PROMPT: The copy you return must match the listing word for word and carry no pictures.

◆ ◆ ◆ ◆ ◆ ◆ ◆

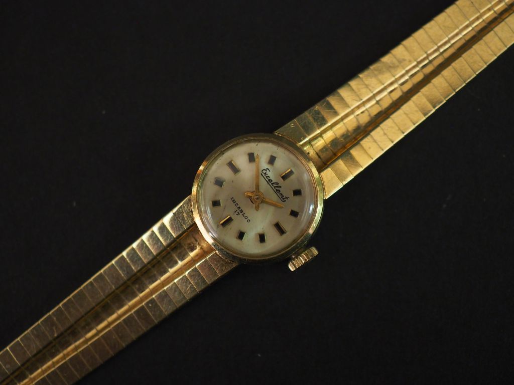 EXCELLENT Montre bracelet de dame, boitier et bracelet en or jaune 14k. Cadran rond à index batons pour les heures. Bracelet souple, maille plate. Long. 17 cm Poids tel. 27,50 g
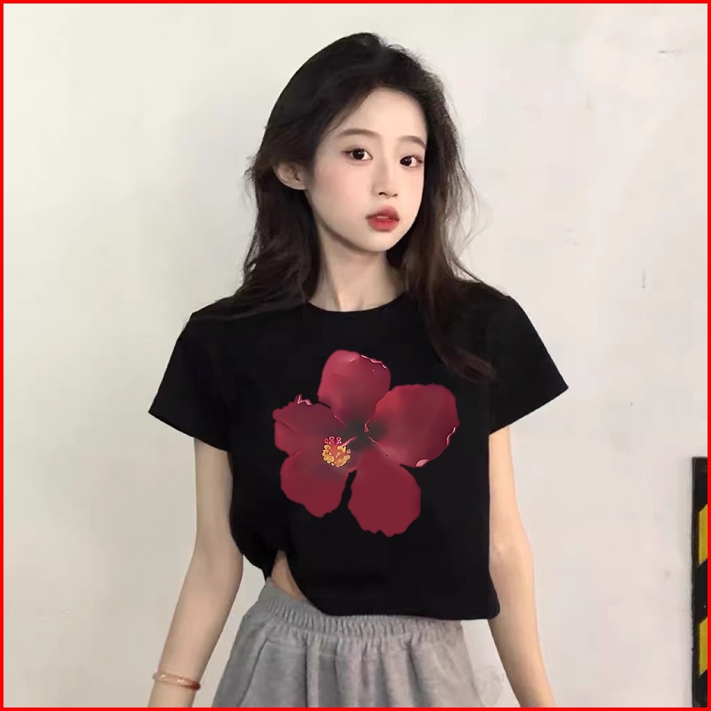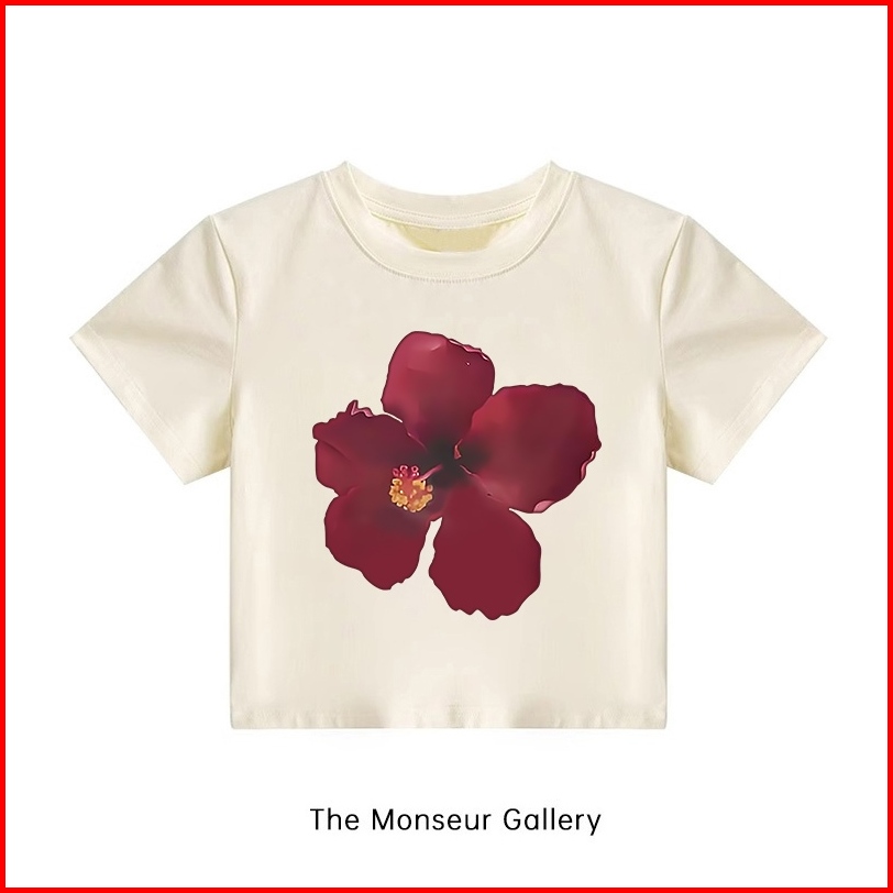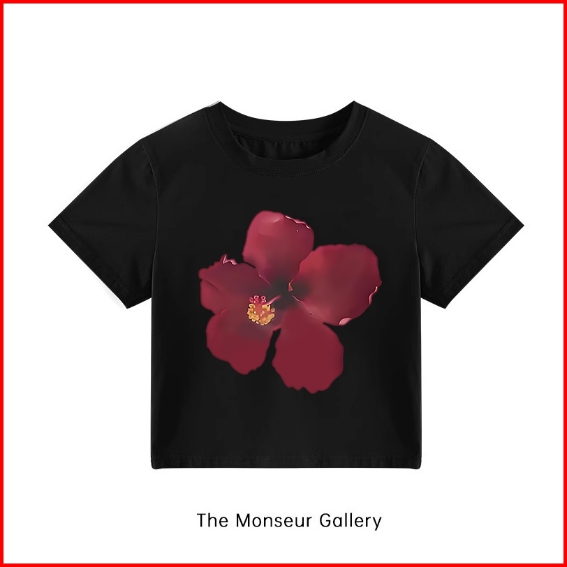 The Monseur Gallery Kaos Crop Wanita Slimfit Flower Design Hibiscus Orchid Kaos Crop Top Y2k Fashion Baju Croptee Hitam
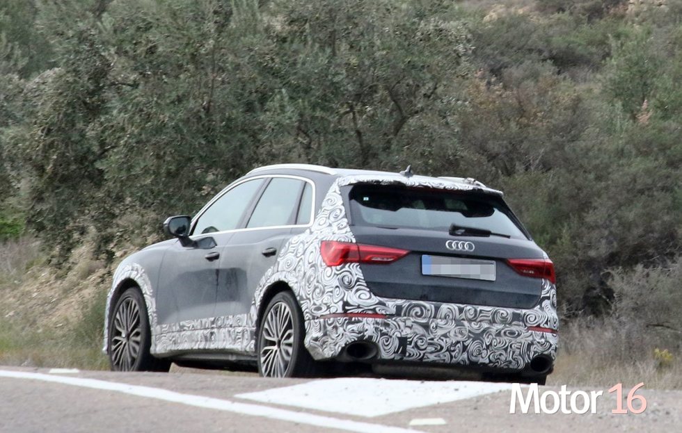 Inicio Audi RS Q3. Fotos espía trasera Audi RS Q3. Fotos espía trasera En la trasera se aprecia el alerón trasero de generoso tamaño, los dos tubos de escape ovalados o el difusor entre ambos tubos de escape. Publicidad
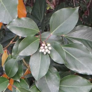 🏷️ 木曜日は気(木)になる実 🏷️ 木曜日は木 参加させて頂きます 今日夕方散歩で出会った木 ①カクレミノ ②カクレミノのお花 ③ネズミモチ ④⑤シャリンバイ
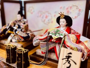秀月の男雛・女雛共に昔から綺麗なお顔とご評判いただいており、お召し物も上質な素材や柄を厳選し仕上げ着せ付けてありますので、押しの強いお飾りとは異なり品良く佇む様にと仕上げられております。
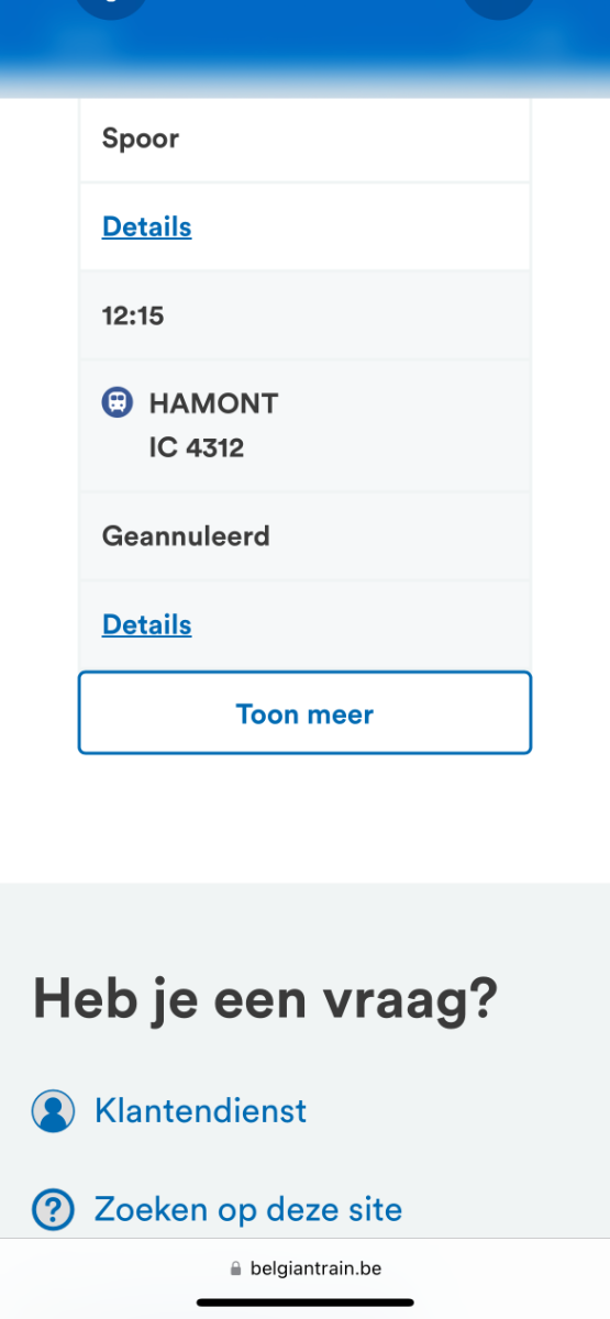 Zowel bij Hyperrail als bij railer (IOS) wordt druk gewerkt om de composities terug werkende te krijgen. Deze worden nu automatisch meegeleverd met de API call naar nmbs. Op dit moment wordt dit uitvoerig getest (https://github.com/iRail/iRail/issues/512).Wout912 schreef: ↑19 apr 2024, 19:33Iets wat dan weer een stap achteruit is, is dat de TrainMap van NMBS in alle stilte is gestopt met werken. Ik gebruikte die pagina zeer regelmatig om de samenstelling van treinen te raadplegen.dovaere schreef: ↑19 apr 2024, 15:23 De NMBS-website toont nu ook (net zoals de NMBS Lab-app) de (vermoedelijke) treinsamenstelling,tot een tweetal dagen vooraf, wat je voorheen enkel in andere apps zoals HyperRail/Haltelink (en dan enkel terwijl de trein reed) zag:
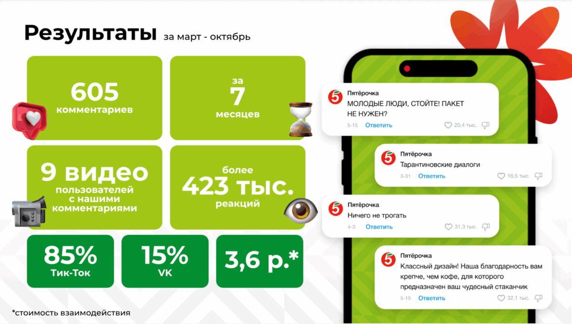 Именно этот инструмент сейчас очень хорошо работает на построение лояльных отношений с аудиторией и помогает повысить узнаваемость. В этой статье мы расскажем, как использовать его наиболее эффективно и достигать классных результатов на примере нашей работы с «Пятёрочкой».
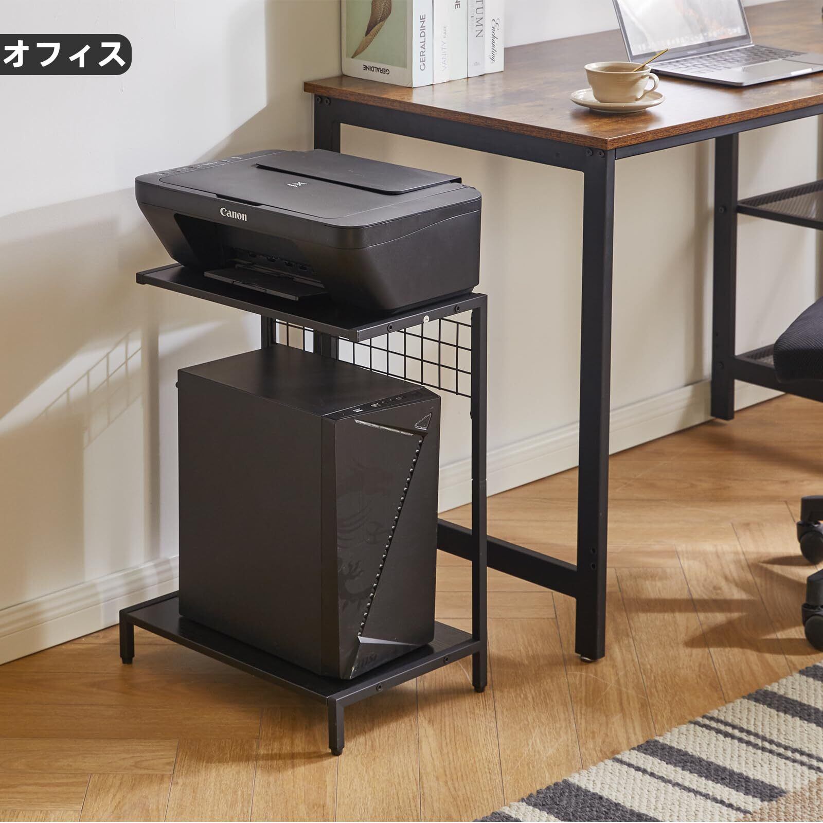 負荷能力:卓上パソコン台のサイズは幅43×奥行25/29×高さ43cm、材料は鋼材とパーティクルボードです。組み立てが容易で、上層荷重10kg、下層荷重20kg

◆ ◆ ◆ ◆ ◆ ◆ ◆

RESULT OF THIS TASK:
 EXCELLENT Montre bracelet de dame, boitier et bracelet en or jaune 14k. Cadran rond à index batons pour les heures. Bracelet souple, maille plate. Long. 17 cm Poids tel. 27,50 g
 The Monseur Gallery Kaos Crop Wanita Slimfit Flower Design Hibiscus Orchid Kaos Crop Top Y2k Fashion Baju Croptee Hitam
 Inicio Audi RS Q3. Fotos espía trasera Audi RS Q3. Fotos espía trasera En la trasera se aprecia el alerón trasero de generoso tamaño, los dos tubos de escape ovalados o el difusor entre ambos tubos de escape. Publicidad
 🏷️ 木曜日は気(木)になる実 🏷️ 木曜日は木 参加させて頂きます 今日夕方散歩で出会った木 ①カクレミノ ②カクレミノのお花 ③ネズミモチ ④⑤シャリンバイ
秀月の男雛・女雛共に昔から綺麗なお顔とご評判いただいており、お召し物も上質な素材や柄を厳選し仕上げ着せ付けてありますので、押しの強いお飾りとは異なり品良く佇む様にと仕上げられております。
 Zowel bij Hyperrail als bij railer (IOS) wordt druk gewerkt om de composities terug werkende te krijgen. Deze worden nu automatisch meegeleverd met de API call naar nmbs. Op dit moment wordt dit uitvoerig getest (https://github.com/iRail/iRail/issues/512).Wout912 schreef: ↑19 apr 2024, 19:33Iets wat dan weer een stap achteruit is, is dat de TrainMap van NMBS in alle stilte is gestopt met werken. Ik gebruikte die pagina zeer regelmatig om de samenstelling van treinen te raadplegen.dovaere schreef: ↑19 apr 2024, 15:23 De NMBS-website toont nu ook (net zoals de NMBS Lab-app) de (vermoedelijke) treinsamenstelling,tot een tweetal dagen vooraf, wat je voorheen enkel in andere apps zoals HyperRail/Haltelink (en dan enkel terwijl de trein reed) zag:
 Именно этот инструмент сейчас очень хорошо работает на построение лояльных отношений с аудиторией и помогает повысить узнаваемость. В этой статье мы расскажем, как использовать его наиболее эффективно и достигать классных результатов на примере нашей работы с «Пятёрочкой».
 負荷能力:卓上パソコン台のサイズは幅43×奥行25/29×高さ43cm、材料は鋼材とパーティクルボードです。組み立てが容易で、上層荷重10kg、下層荷重20kg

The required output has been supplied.